* Supplied data:
Start of Block

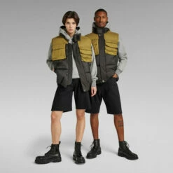 Utility vest Attac PM shows a raised collar with an extended tab. When a regular collar is preferred, this section can be folded back towards the Velcro patch. Flap pockets with a hidden snap closure are added to the chest. The ‘strike through’ embroidery stitch indicates the entrance. Welt pockets are added to the waist and offer a hidden snap as well. This sleeveless jacket features a 2-way zipper covered by a panel with snaps. Inside, an additional inner pocket and hanger loop are added for ease.
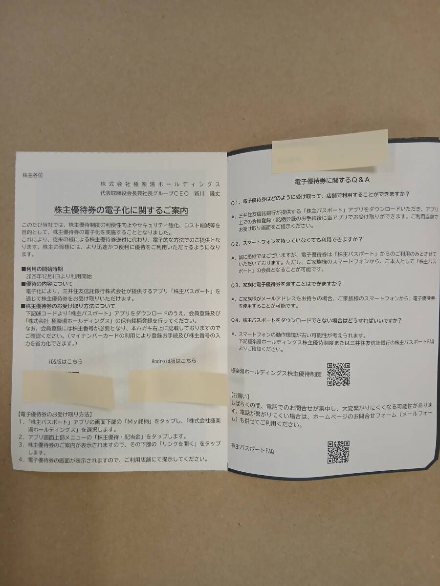 極楽湯 株主優待券 6枚セットの価格で入札御願い致します。
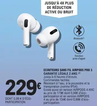 Offre Ecouteurs sans fil airpods pro 3 garantie légale 2 ans. (3) jusqu'à 8 heures d'écoute. chez E.Leclerc

End of Block

* Exercise description:
Only the pictures are to be left out; restate everything else in the listing word for word.

* Answer to this task:
 Utility vest Attac PM shows a raised collar with an extended tab. When a regular collar is preferred, this section can be folded back towards the Velcro patch. Flap pockets with a hidden snap closure are added to the chest. The ‘strike through’ embroidery stitch indicates the entrance. Welt pockets are added to the waist and offer a hidden snap as well. This sleeveless jacket features a 2-way zipper covered by a panel with snaps. Inside, an additional inner pocket and hanger loop are added for ease.
 極楽湯 株主優待券 6枚セットの価格で入札御願い致します。
 Offre Ecouteurs sans fil airpods pro 3 garantie légale 2 ans. (3) jusqu'à 8 heures d'écoute. chez E.Leclerc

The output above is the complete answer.